The output must match the lines from the first line of the listing below through the line holding "Berikut merupakan tahapan" exactly and must contain no pictures.

The data:
· · · · · · ·
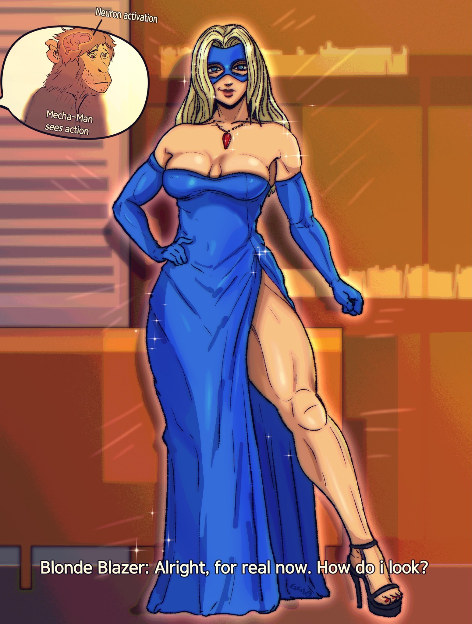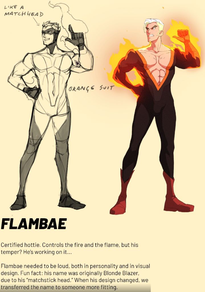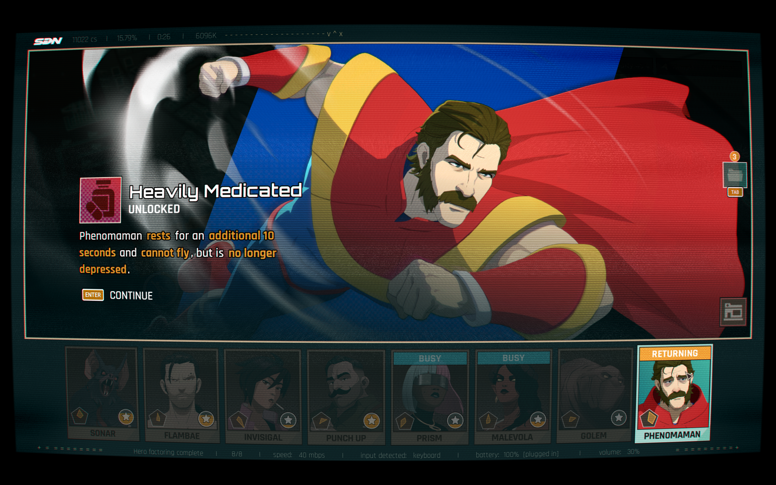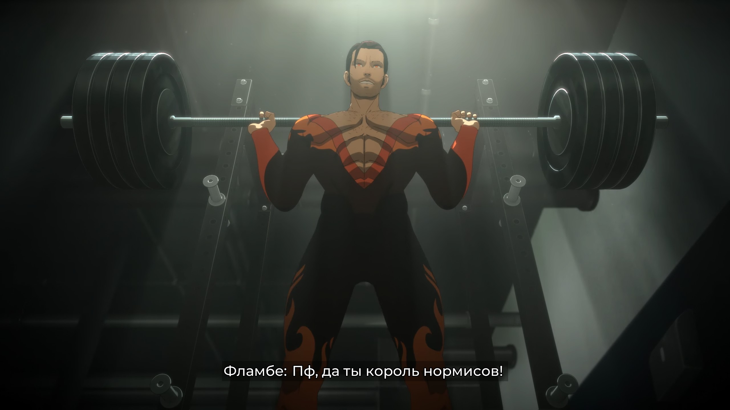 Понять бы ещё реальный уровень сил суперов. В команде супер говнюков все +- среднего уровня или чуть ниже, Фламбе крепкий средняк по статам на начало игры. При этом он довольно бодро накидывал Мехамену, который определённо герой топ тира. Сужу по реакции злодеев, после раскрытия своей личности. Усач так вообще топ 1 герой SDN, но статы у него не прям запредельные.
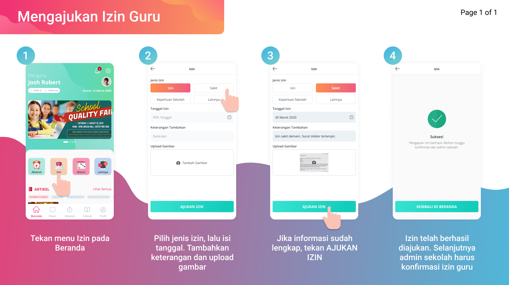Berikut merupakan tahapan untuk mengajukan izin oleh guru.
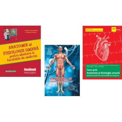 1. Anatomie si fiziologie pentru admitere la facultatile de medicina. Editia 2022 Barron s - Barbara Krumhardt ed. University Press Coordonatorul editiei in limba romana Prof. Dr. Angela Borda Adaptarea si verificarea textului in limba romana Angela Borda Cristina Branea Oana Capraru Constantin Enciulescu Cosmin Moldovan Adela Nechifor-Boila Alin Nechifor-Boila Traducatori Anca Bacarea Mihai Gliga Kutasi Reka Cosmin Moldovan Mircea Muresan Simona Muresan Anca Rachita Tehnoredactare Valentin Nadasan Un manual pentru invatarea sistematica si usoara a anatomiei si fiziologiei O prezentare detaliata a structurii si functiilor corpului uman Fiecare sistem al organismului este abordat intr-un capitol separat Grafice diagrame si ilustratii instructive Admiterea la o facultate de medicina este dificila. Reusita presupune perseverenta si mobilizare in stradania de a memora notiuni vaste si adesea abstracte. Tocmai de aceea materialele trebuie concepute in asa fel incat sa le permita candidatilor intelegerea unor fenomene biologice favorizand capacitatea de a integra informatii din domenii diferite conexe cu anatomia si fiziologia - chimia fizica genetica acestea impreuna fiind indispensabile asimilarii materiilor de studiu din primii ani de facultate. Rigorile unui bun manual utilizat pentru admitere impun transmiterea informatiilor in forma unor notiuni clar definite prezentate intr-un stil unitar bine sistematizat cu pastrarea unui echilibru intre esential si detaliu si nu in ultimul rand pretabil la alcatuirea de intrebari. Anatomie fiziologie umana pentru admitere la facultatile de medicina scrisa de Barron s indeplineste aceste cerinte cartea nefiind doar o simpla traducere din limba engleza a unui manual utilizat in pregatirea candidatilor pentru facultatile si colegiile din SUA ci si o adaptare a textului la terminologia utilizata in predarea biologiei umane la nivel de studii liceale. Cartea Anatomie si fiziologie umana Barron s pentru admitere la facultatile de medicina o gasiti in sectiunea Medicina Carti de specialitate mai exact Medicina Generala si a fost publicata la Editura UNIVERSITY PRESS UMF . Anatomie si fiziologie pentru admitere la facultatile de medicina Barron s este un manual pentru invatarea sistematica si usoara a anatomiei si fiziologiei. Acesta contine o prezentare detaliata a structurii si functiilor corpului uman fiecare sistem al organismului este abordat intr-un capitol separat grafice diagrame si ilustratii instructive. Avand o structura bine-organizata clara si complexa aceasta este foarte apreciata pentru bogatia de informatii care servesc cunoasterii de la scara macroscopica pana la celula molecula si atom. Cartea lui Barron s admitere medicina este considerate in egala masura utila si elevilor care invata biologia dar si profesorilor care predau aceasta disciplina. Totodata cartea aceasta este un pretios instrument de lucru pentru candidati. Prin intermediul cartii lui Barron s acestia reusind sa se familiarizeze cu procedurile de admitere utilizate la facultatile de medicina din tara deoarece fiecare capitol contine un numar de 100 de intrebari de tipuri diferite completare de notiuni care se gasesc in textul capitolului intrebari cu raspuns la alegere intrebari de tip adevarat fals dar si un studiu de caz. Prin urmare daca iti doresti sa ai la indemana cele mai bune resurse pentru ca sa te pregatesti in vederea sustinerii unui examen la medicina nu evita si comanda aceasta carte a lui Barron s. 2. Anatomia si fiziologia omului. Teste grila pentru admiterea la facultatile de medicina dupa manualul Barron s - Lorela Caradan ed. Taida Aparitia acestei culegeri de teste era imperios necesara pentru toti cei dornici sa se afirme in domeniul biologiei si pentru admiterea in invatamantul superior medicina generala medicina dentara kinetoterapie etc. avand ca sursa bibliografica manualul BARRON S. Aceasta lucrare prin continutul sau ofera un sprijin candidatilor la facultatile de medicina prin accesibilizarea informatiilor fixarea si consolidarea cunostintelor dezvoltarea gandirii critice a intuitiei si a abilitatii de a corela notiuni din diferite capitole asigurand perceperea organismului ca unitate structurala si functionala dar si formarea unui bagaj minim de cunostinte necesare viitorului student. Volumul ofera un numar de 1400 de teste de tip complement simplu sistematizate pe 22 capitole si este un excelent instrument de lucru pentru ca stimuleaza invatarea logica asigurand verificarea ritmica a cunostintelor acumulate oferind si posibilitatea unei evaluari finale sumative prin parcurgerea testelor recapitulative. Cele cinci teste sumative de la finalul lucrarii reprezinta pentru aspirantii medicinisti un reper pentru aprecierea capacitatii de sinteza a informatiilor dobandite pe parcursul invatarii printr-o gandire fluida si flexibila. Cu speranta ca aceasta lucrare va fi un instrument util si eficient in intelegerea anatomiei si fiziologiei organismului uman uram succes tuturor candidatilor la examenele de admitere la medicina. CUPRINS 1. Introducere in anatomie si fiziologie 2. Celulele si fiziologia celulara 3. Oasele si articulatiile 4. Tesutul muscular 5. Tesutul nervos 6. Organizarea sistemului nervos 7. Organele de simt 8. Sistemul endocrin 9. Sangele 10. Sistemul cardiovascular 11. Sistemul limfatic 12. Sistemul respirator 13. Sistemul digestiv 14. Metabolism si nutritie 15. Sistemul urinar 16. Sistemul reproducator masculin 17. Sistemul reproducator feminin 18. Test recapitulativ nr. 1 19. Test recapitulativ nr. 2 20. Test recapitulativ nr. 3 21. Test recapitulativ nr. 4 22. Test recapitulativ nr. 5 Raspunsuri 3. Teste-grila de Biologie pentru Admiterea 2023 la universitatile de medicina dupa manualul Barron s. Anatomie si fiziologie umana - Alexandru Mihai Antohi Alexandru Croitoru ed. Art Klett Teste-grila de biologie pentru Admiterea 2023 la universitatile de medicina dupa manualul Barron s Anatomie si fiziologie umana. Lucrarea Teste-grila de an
· · · · · · ·
Final answer:
 Понять бы ещё реальный уровень сил суперов. В команде супер говнюков все +- среднего уровня или чуть ниже, Фламбе крепкий средняк по статам на начало игры. При этом он довольно бодро накидывал Мехамену, который определённо герой топ тира. Сужу по реакции злодеев, после раскрытия своей личности. Усач так вообще топ 1 герой SDN, но статы у него не прям запредельные.
Berikut merupakan tahapan untuk mengajukan izin oleh guru.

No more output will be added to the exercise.